Turkey's Central Bank Cuts Interest Rates After Nearly Two Years
Investing.com -- After signs of easing in consumer inflation, the Central Bank of Turkey has implemented its first interest rate cut in nearly two years. The bank stated that any potential future easing measures would depend on price data.
Under the leadership of President Fatih Karahan, the Monetary Policy Committee lowered the one-week repo rate from 50% to 47.5% on Thursday. This decision followed a period of eight months in which the rate was maintained at a steady level.
The interest rate cut was larger than the expected 175 basis points as forecasted in a Bloomberg survey prior to the decision. The monetary authority also reduced the corridor known as the interest rate corridor from 600 basis points to 300 basis points. This move was interpreted by investors as a hawkish signal. The monetary authority clarified that the decision made on Thursday does not imply that interest rates will continue to be lowered in future meetings.

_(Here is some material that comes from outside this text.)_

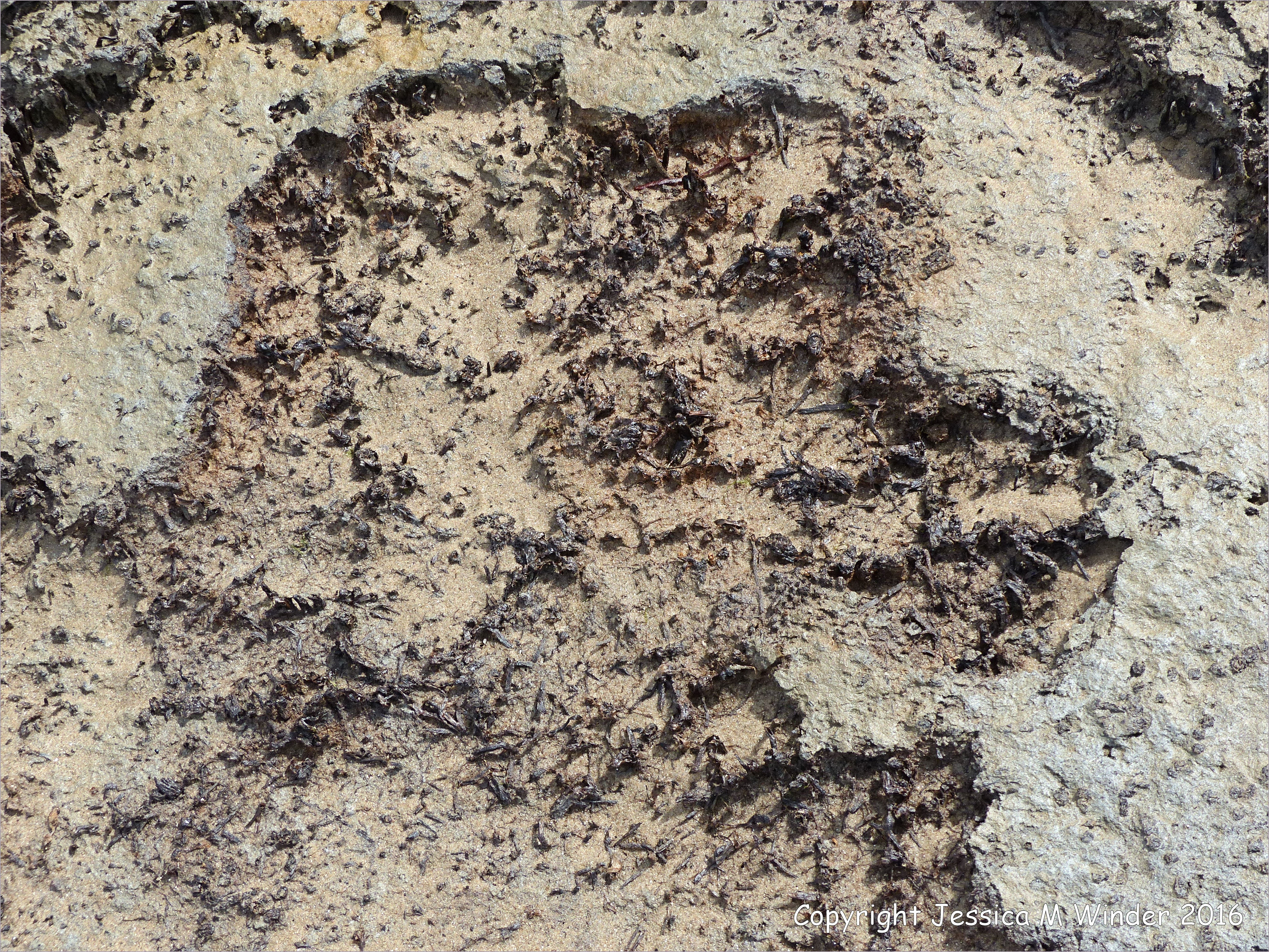 Peat at Threecliff Bay 14 – Ancient Holocene peat bed exposed beneath the pebble storm beach in the Pennard Pill valley leading to Threecliff Bay in Gower, South Wales. Surface view showing cross-sections of salt-marsh plant remains.
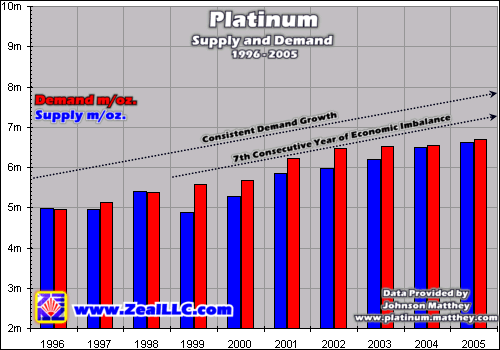 With the high price of platinum these days, as I well know, jewelry consumption has been down from a mere affordability standpoint. Instead of placing new orders, jewelers have been depleting stock and recycling consumer-sold metal. And surprisingly another big reason for jewelry decline last year was Chinese lore. Last year was the Year of the Rooster, in which it is traditionally a bad year to get married. 2006 is the Year of the Dog, and weddings are expected to skyrocket in China significantly increasing jewelry demand, with platinum not being an exception.

The Central Bank stated, "The Committee will judiciously make its decisions on a meeting-by-meeting basis, focusing on the inflation outlook." It also noted a decrease in the underlying trend of inflation and a slowdown in domestic demand in the last month of the year.
Following the decision, the value of the Turkish Lira remained relatively stable, trading at 35.2387 against the dollar, reflecting a 0.1% decrease as of 14:15 Istanbul time. The Borsa Istanbul 100 Index recorded a 1% increase after a brief earlier rise. Meanwhile, the yield on Turkish government bonds maintained its earlier declines.